= KKnD (series) =

Video game series

The KKnD logo as seen in the original game.

KKnD, or Krush, Kill 'n' Destroy is a series of post-apocalyptic real-time strategy games by Beam Software. KKnD was released in 1997, while a sequel - KKND2: Krossfire was released in 1998. KKnD Xtreme, an expanded version of the original, featuring extra missions and enhancements, was released in 1997, and later re-released on GOG.com in 2012.

All games in the series feature a campaign for each of the different factions in each game, alongside multiplayer capabilities.

==Games in the series==
- KKnD (1997)
- KKnD Xtreme (1997)
- KKnD 2: Krossfire (1998)
- KKnD: Infiltrator (1999, spin-off, cancelled)

==Story==
The year 2079 AD saw the realisation of Mankind's ultimate nightmare: an all-out nuclear war exterminates a quarter of the world's population almost instantly. Infrastructure collapses as mutagenic viruses infect humans and animals alike. Most of the survivors of the attack (aptly named the Survivors) live underground. Those who don't are mutated by the viruses and nuclear fallout (what they call the Evolved). 2141 sees the underground dwellers breaking through to the surface, after living underground for decades. Soon enough, the "Evolved" and "Survivors" meet. The Evolved and the Survivors do battle until the Survivors are surrounded at their underground HQ. The battle ends in a stalemate and both the Evolved and the Survivors retreat to recoup their losses for the next 40 years.
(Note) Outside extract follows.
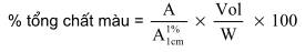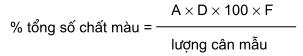 1) Chú thích - Một vài phẩm màu có tính tan ít hơn 5 g / 200 ml về việc sử dụng lượng cân ít hơn sẽ được trình bày trong chuyên luận, trong mục "kiểm tra"

The Survivors return underground, re-evaluate their strategy and try to determine why they were nearly wiped out by the "freakers". Over time, they regroup and build new, superior weaponry in their determination to win the war for the surface. The Evolved retreat far into the wastelands and in turn wonder why they suffered such a loss against the "symmetrics". The Evolved council decree that use of pre-war technology had angered their gods, who denied them their victory as punishment. As a result, the Evolved shun pre-war machines and begin to utilise mutated animals in combat.

As the decades pass, a third faction arises: Series 9, agricultural robots who have developed self-awareness and begun to construct their own unique weapons of war.

After the war of 2079, the Series 9 agriculture robots realized their reason for existence was wiped out along with the withered crops. In time, partially malfunctioning due to the nuclear exchange, they begin to cultivate a deep-seated hate towards all humans. Series 9 focus first on the destruction of Series 5, 6, 7 and 8, Series 1-4 having already been wiped out in 2079. When Series 9 subsequently moved to attack the Survivors and the Evolved during their initial conflict, they quickly discovered that the organics possessed far greater weaponry in comparison to their agricultural tools. While the war for the surface raged on and then fell silent for 40 years, Series 9 developed their own weaponry in silence, in preparation for the next bout of hostilities.

In the end, the Survivors emerge victorious. Over time, nature returns to the Earth and the survivors rebuild their world far better than their old world.

==Gameplay==
The gameplay in the KKnD series is similar to that of other real-time strategy games, such as Command & Conquer and StarCraft, created by Westwood and Blizzard respectively. The player uses resources to manufacture buildings which can create units and vehicles, which are used to exterminate opposing forces. Like the Z series of games, KKnD is tongue-in-cheek, not taking itself too seriously.